This activity allows students to understand different ways of interpreting the data about social networks, and what this tells us about how individuals interact with each other. It also shows how simple mathematical concepts can help with this analysis.

Knowing how individuals in a certain population interact can allow mathematical modellers to add an extra level of complexity to their models of outbreaks, to offer greater insight into why certain people in a population may be a greater risk of infection if an outbreak begins.

It can also suggest which patterns of social behaviour may need to be changed if an outbreak does begin - e.g. social distancing/ quarantine.


Time: 30 minutes
Resources: Slides (PowerPoint or PDF), Printable Table (PowerPoint or PDF)

Curriculum Links

Maths:
  • Describing, interpreting and comparing observed distributions of a single variable, including graphical representations and mean, median, mode, range and inter-quartile range.
  • Constructing and interpreting appropriate tables, charts, and diagrams.
  • Constructing and interpreting diagrams for grouped discrete data and continuous data and knowing their appropriate use.
  • Applying statistics to describe a population.

Aims

  • To understand different methods to analyse data.
  • To use network to practice concepts of mean, median, mode, frequency, distribution.
  • To learn new analytical concepts for analysis of networks: counting triangles and cliques.


Activity (Small Groups)


Put the first slide up on a screen. Explain to students that this data comes from asking an office of people which two people in the office they spend the most time with.

Next show the second slide - and explain how you can measure contacts in a network; out degree / in degree / mutual. Ask students to draw the rest of the table, so that they have the in-degree, out-degree and mutual contacts. You can use the chart provided and they can populate the extra columns.

Next - ask the students to draw the network in different ways


Analysis

Plot the degree distribution as a histogram (in degree & mutual contacts)

Establish the mean, median and mode


Cliques & Triangles

Explain to the students about cliques & networks

Count the cliques in the network

Count the triangles in the network


Questions for thought


What does this data tell us about our network?

What can a large clique tell us about a population?

How does drawing the network differently alter the way we can see the network / connections?

Why does knowing social interactions help us understand how a disease may spread?
It can help to explain why certain people may get diseases, who may be likely to become infected.

In the first slide, what do the different colours represent?
Boys and girls.

How else could we represent the same data? What do different representations tell us?

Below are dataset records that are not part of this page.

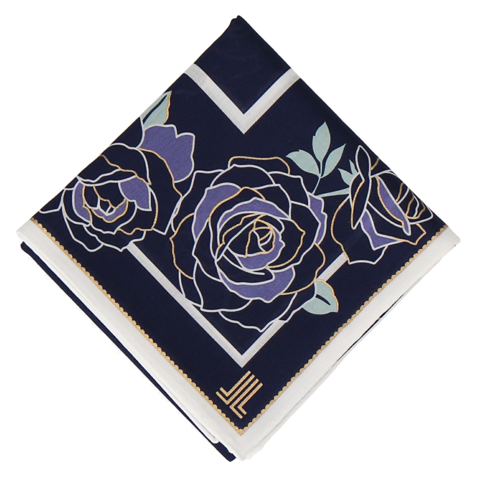 バラモチーフが全面にちりばめられたスタイリッシュなハンカチ。 58cmの大判サイズハンカチになります。 使いやすいサイズ感のハンカチは自分用にもギフトとしてもおすすめです。
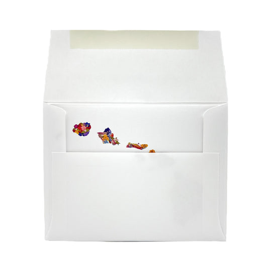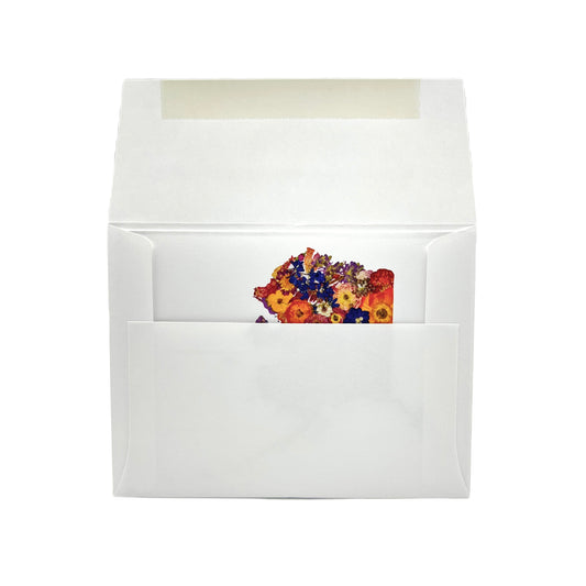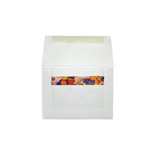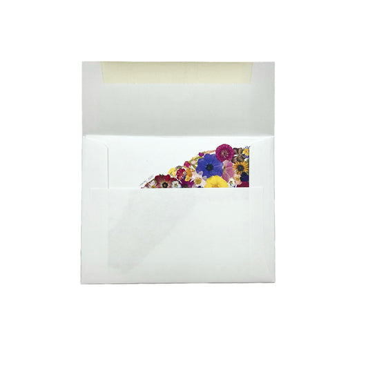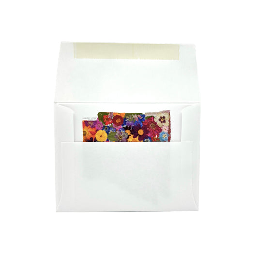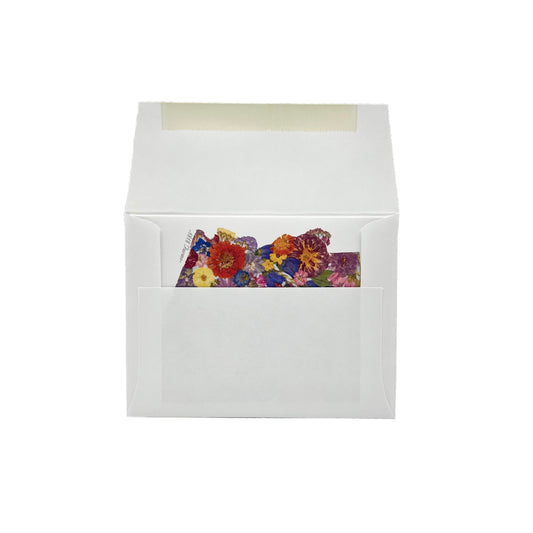 Set of 6 cards with envelopes. Sealed in reclosable crystal clear sleeve. Folded size 4.25” x 5.5”.
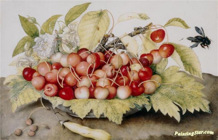 Nature Morte Aux Cerises, Art Painting by Giovanna Garzonni

Contact Tracing in the ebola virus disease in West Africa (2014-5)


Tracing how an epidemic spreads in a network is vital in all responses to infectious disease outbreaks.

In the ebola outbreak in 2014-15, field epidemiologists needed to make sure they had contacted everyone who had come into contact with an infected person or body. They then were able to monitor these individuals for 21 days (the incubation period of ebola) to see if they developed symptoms.

If they did, these patients would then be isolated, tested and provided care, and the cycle starts again - all of the new patients contacts are found and watched for 21 days (and so on!). Even one missed contact can keep the outbreak going!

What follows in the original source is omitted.